• Work order:
In the listing below, find the line with "2020年4月13日今年会在" and the line with "Gabor Serve —", then return them and every line between them exactly, minus the pictures.

• Given data:
- Opening Delimiter -
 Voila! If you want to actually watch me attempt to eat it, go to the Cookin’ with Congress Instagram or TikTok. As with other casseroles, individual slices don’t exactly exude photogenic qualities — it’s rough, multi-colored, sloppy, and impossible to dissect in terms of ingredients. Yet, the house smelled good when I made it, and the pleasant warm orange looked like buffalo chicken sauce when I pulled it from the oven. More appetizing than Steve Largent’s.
- Closing Delimiter -
- Opening Delimiter -
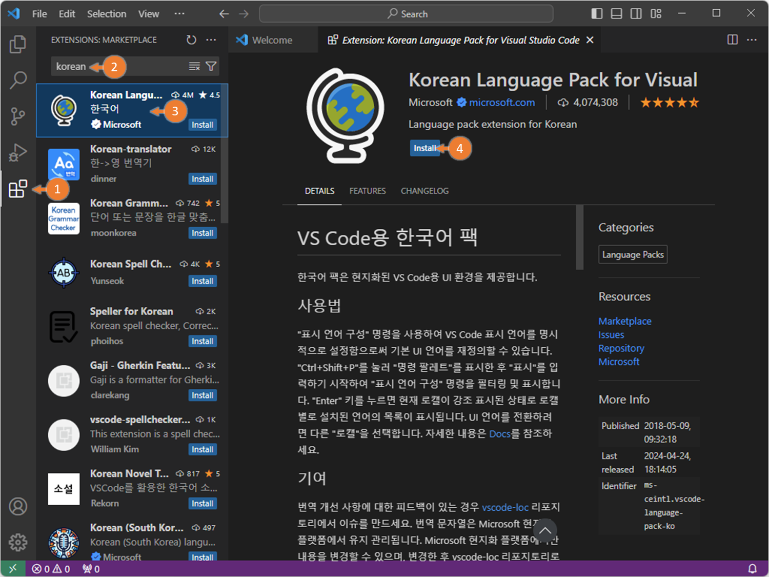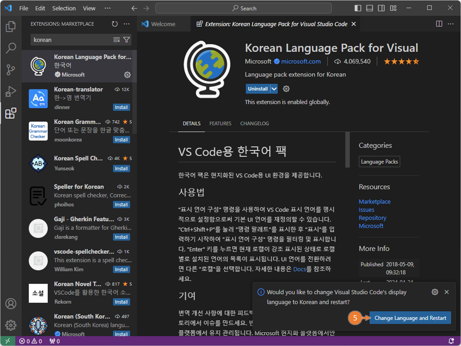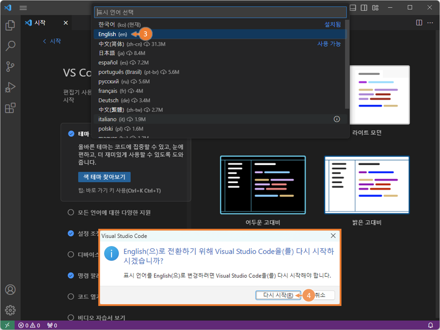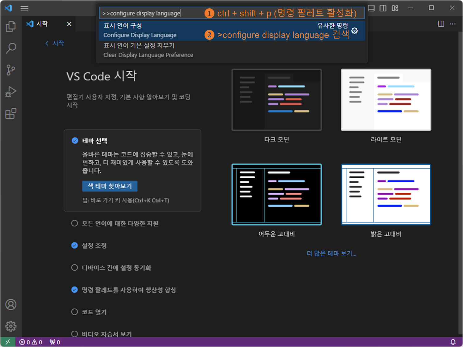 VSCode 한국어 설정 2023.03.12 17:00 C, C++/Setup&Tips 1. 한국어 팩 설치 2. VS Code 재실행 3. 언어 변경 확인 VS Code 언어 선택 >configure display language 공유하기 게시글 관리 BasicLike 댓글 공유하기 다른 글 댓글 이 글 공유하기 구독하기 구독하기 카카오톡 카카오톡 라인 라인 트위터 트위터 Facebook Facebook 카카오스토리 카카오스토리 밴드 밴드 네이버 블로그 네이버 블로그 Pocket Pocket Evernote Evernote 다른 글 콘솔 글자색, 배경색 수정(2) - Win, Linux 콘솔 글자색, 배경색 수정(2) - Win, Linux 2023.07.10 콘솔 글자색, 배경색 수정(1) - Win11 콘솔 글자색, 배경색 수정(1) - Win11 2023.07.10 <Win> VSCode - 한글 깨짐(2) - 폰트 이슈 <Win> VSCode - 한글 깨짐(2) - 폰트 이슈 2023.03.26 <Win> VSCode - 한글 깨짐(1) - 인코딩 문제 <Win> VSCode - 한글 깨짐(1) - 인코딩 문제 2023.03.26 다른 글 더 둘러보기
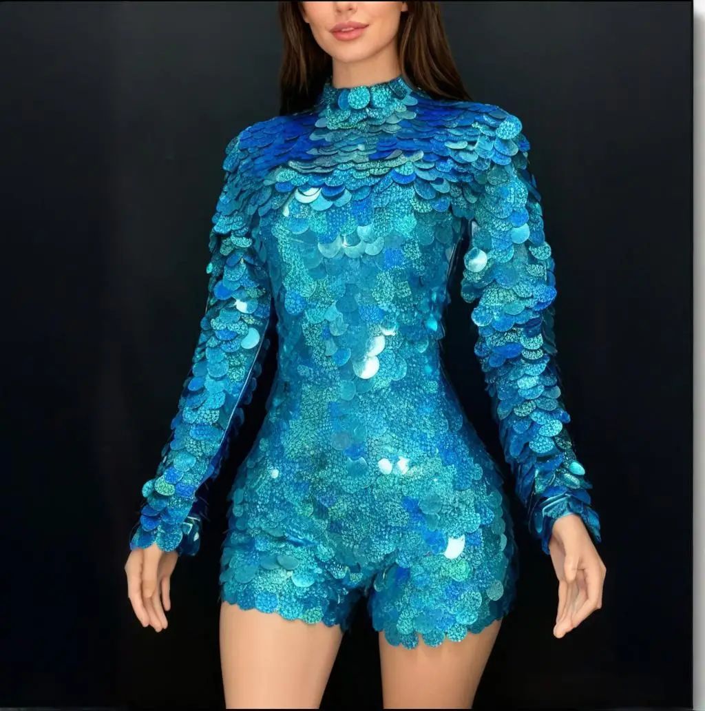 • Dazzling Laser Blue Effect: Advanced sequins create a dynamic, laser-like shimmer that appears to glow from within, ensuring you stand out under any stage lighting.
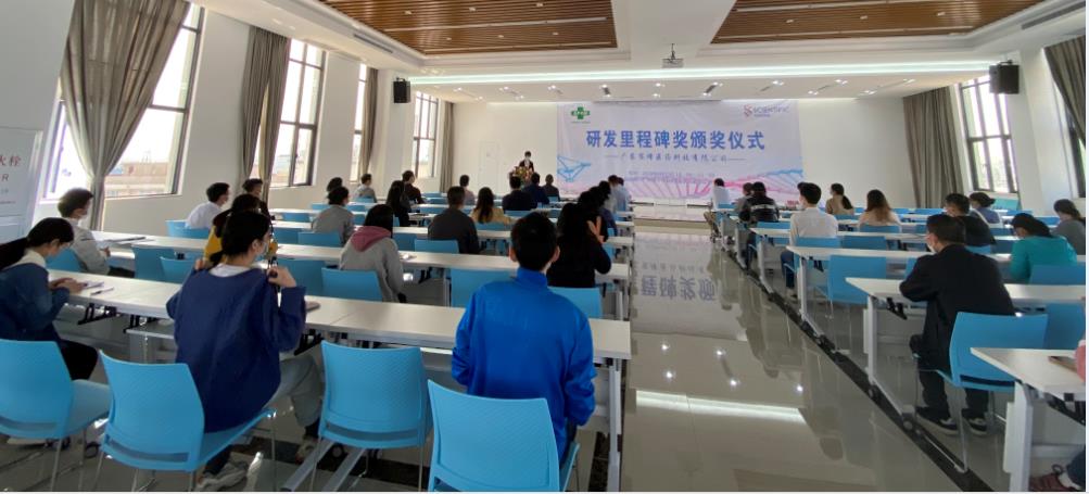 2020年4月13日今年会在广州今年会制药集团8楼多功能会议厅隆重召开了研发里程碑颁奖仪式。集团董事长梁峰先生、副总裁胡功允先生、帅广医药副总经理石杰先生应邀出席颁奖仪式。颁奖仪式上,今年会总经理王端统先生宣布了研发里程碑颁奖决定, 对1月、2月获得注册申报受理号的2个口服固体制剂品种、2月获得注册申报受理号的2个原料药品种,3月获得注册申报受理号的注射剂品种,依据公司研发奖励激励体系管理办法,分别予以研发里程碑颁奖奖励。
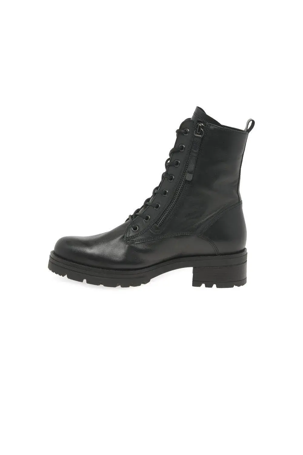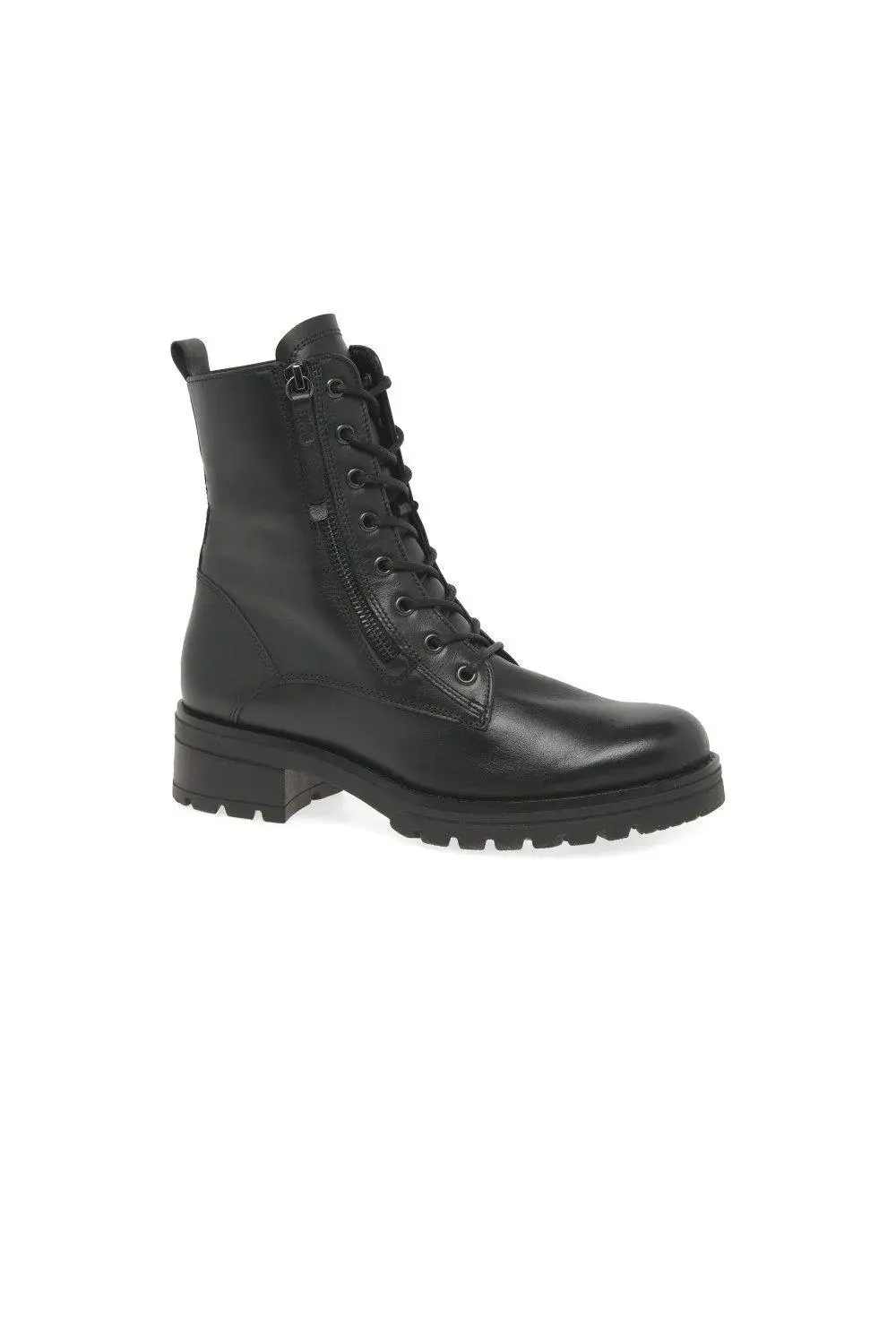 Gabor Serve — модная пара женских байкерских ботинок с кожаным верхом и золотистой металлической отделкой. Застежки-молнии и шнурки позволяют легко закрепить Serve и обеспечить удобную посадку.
- Closing Delimiter -
• Written answer:
 2020年4月13日今年会在广州今年会制药集团8楼多功能会议厅隆重召开了研发里程碑颁奖仪式。集团董事长梁峰先生、副总裁胡功允先生、帅广医药副总经理石杰先生应邀出席颁奖仪式。颁奖仪式上,今年会总经理王端统先生宣布了研发里程碑颁奖决定, 对1月、2月获得注册申报受理号的2个口服固体制剂品种、2月获得注册申报受理号的2个原料药品种,3月获得注册申报受理号的注射剂品种,依据公司研发奖励激励体系管理办法,分别予以研发里程碑颁奖奖励。
 Gabor Serve — модная пара женских байкерских ботинок с кожаным верхом и золотистой металлической отделкой. Застежки-молнии и шнурки позволяют легко закрепить Serve и обеспечить удобную посадку.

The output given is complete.